In concreto: "...Wir können alles fotografieren, so lange wir keine Hilfsmittel anwenden oder uns ungebetenen Zugang verschaffen...
Und? Haben Sie den Mann auf frischer Tat erwischt?
Nein. Er bat uns herein und wir sahen sofort sein Krankenlager, auf das er sich schwer hustend zurückzog. Wir machten ein Foto von der Couch mit einer versteckten Kamera. In diesem Fall durften wir das, weil wir den Observanten so vor falscher Verdächtigung schützen konnten."

--) Ist das so? Durfte die Detektei das tatsächlich?
Ich empfehle in der gebotenen Kürze an dieser Stelle grundsätzlich die Lektüre von Art. 13 I GG, das Lesen des § 201a StGB (Verletzung des höchstpersönlichen Lebensbereichs durch Bildaufnahmen) sowie der §§ 43, 44 BDSG. Des Weiteren hilft die Kenntnisnahme der entsprechenden Kommentierungen und der höchstrichterlichen Rechtsprechung des Bundesarbeitsgerichtes zu Fragen der prozessualen Beweisverwertung u.a. in Kündigungsschutzprozessen, um diese Aussage mit Bedenken sacken zu lassen.

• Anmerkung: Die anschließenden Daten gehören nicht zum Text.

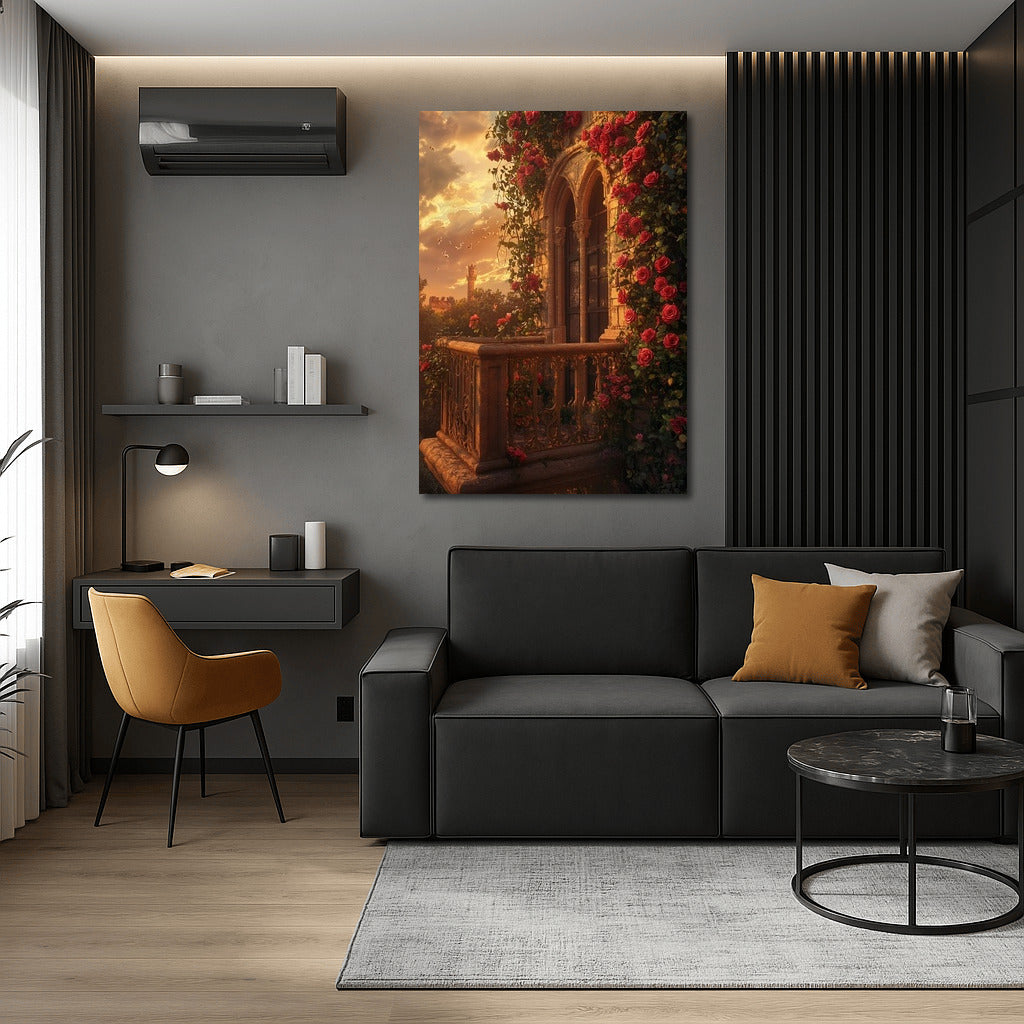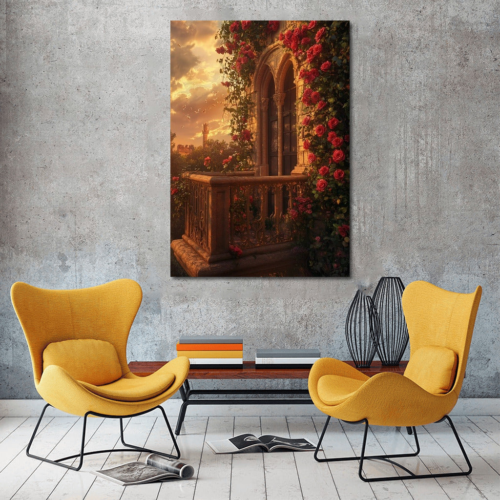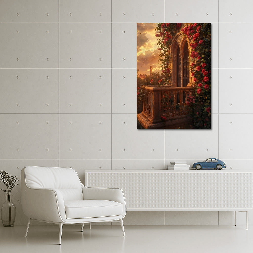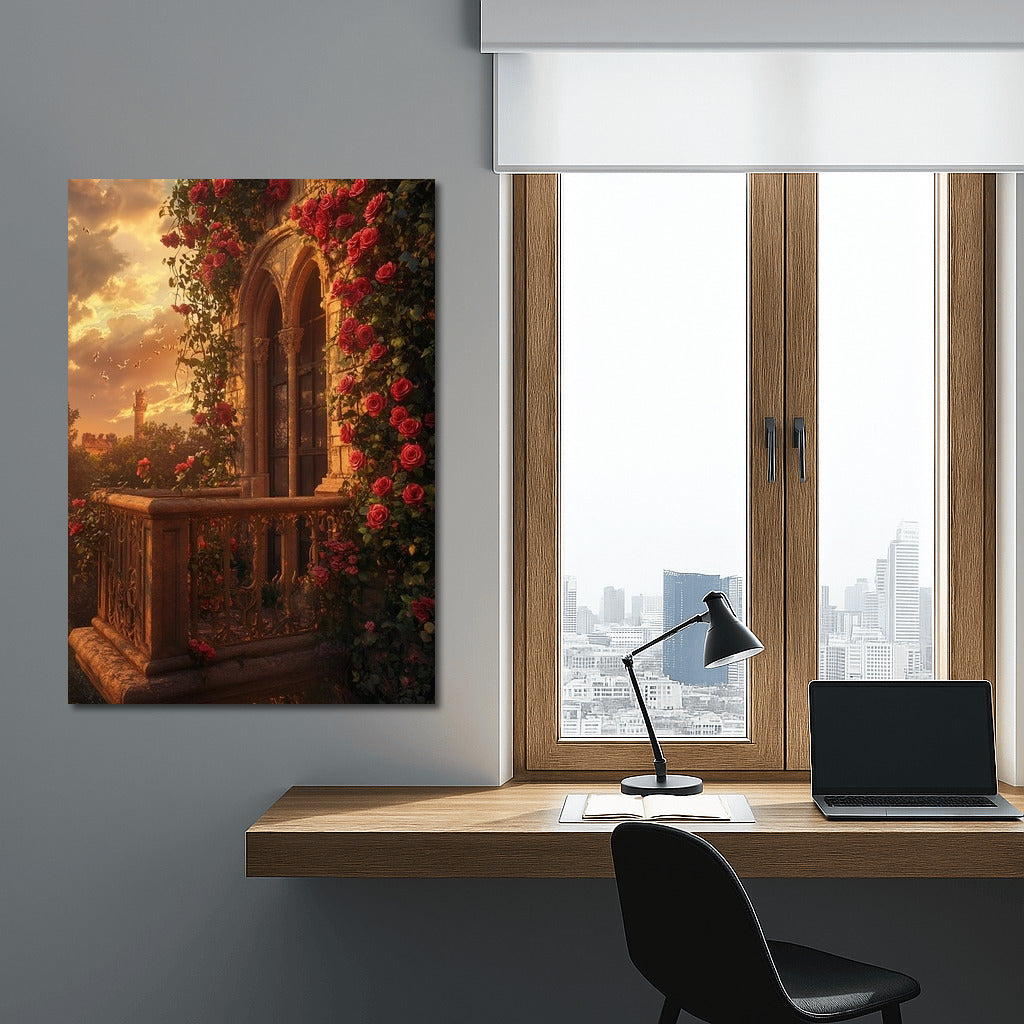 Magical sunset light and a riot of roses on an old balcony. This painting is the perfect wall art for romantics. See more from the collection: Mixed Wall Art
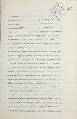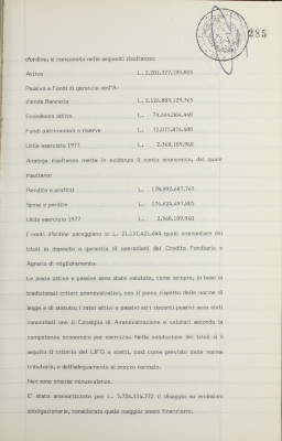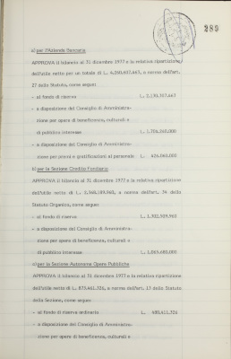 Parte prima - Gestioni di credito Approvazione dei bilanci al 31 dicembre 1977
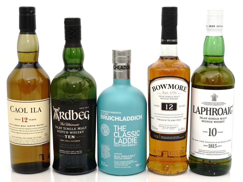 スコットランド・アイラ島の代表的なシングルモルトウイスキー5種のセット。
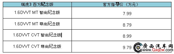 10月21日,在瑞虎系車型迎來上市10年、全球用戶突破100萬的時刻,奇瑞汽車宣布推出瑞虎3 百萬紀(jì)念版車型。定位為“實尚SUV典范”的瑞虎3 百萬紀(jì)念版車型標(biāo)配ESP,官方售價區(qū)間7.99~9.79萬元。憑借多年的口碑積累和再度提升的產(chǎn)品力,瑞虎3 百萬紀(jì)念版將與“新瑞虎5”形成全新“雙虎”組合,為用戶呈上更好的駕乘體驗。
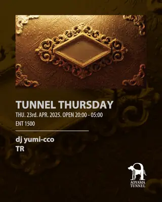 TUNNEL THURSDAY takes place at Aoyama Tunnel in Tokyo, Japan on April 23, 2026. Featuring dj yumi-cco, TR (8). Techno and House sounds all night.
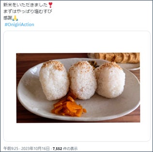 おにぎりアクション開催時期は、ちょうど新米の時期にも重なります。シンプルな塩むすびで新米のおいしさを味わうなど、新米を楽しみ、感謝する姿が多数見られました。
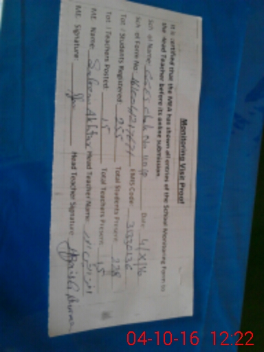 | Certified that this School was Inspected by the Undersigned MEA/DMO Today and the Information Stated Above is as Per Record. | |||||

Um es klar zu sagen: Wohnungen von außen oder innen ohne Einverständnis des Betroffenen zu fotografieren, kann zumindest einen Datenschutzverstoß darstellen. Wird zudem der Arbeitnehmer in der Wohnung abgelichtet, sind wir zusätzlich schnell beim Straftatbestand des § 201a StGB.

Schade, dass Herr Hagen als verantwortlicher Redakteur an keiner Stelle kritisch hinterfragt hat, sondern undifferenziert alles als "Gott gegeben" hingenommen hat.

Detektivarbeit ist wesentlich komplexer und juristisch anspruchsvoller als hier vermittelt. Spätestens ein Richter wird das im konkreten Fall zum Ausdruck bringen.

Rechtsassessor Paul H. Malberg, Wirtschaftsdetektei PROOF-MANAGEMENT GMB

Account gelöscht!

20.03.2014, 18:41 Uhr

Tatsächlich ist die Abwesenheitsquote wegen Krankheit bei den Beamten am höchsten. Grund: Das volle Gehalt läuft weiter, keine Möglichkeit der Kündigung. Ich sehe diese trotz Krankheit oft auf dem Golf- bzw. Tennisplatz.
Dann machen diese auf burn-out und erzwingen ihre Pensionierung. Gerade die öffentlichen Arbeitgeber sollten öfter mal eine Detektei einschalten. Tun sie aber nicht, der Steuerzahler zahlts ja.